**Exercise prompt**
Among the lines below, a stretch begins at the one with "Odkryj wartość swoich" and ends at the one with "Biplot and Pearson". Repeat that stretch exactly, ends included.

**Dataset extract**
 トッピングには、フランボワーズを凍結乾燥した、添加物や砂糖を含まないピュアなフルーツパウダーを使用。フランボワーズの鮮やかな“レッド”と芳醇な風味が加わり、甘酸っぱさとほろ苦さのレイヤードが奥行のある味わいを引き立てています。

---

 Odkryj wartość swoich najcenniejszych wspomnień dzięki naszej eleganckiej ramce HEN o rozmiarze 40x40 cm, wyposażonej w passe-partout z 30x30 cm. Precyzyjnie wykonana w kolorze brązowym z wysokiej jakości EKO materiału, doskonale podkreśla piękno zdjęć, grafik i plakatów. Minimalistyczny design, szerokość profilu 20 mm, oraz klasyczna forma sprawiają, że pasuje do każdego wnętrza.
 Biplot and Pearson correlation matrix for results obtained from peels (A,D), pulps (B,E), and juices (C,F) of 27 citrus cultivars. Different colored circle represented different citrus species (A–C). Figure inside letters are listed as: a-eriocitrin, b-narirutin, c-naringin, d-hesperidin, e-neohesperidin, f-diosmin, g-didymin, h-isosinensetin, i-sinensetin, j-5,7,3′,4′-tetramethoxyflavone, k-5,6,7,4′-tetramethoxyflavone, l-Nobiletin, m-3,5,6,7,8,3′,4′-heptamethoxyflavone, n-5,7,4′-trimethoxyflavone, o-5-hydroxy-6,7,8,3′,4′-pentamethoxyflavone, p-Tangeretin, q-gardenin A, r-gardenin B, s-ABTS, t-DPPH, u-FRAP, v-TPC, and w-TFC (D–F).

**Expected output**
 Odkryj wartość swoich najcenniejszych wspomnień dzięki naszej eleganckiej ramce HEN o rozmiarze 40x40 cm, wyposażonej w passe-partout z 30x30 cm. Precyzyjnie wykonana w kolorze brązowym z wysokiej jakości EKO materiału, doskonale podkreśla piękno zdjęć, grafik i plakatów. Minimalistyczny design, szerokość profilu 20 mm, oraz klasyczna forma sprawiają, że pasuje do każdego wnętrza.
 Biplot and Pearson correlation matrix for results obtained from peels (A,D), pulps (B,E), and juices (C,F) of 27 citrus cultivars. Different colored circle represented different citrus species (A–C). Figure inside letters are listed as: a-eriocitrin, b-narirutin, c-naringin, d-hesperidin, e-neohesperidin, f-diosmin, g-didymin, h-isosinensetin, i-sinensetin, j-5,7,3′,4′-tetramethoxyflavone, k-5,6,7,4′-tetramethoxyflavone, l-Nobiletin, m-3,5,6,7,8,3′,4′-heptamethoxyflavone, n-5,7,4′-trimethoxyflavone, o-5-hydroxy-6,7,8,3′,4′-pentamethoxyflavone, p-Tangeretin, q-gardenin A, r-gardenin B, s-ABTS, t-DPPH, u-FRAP, v-TPC, and w-TFC (D–F).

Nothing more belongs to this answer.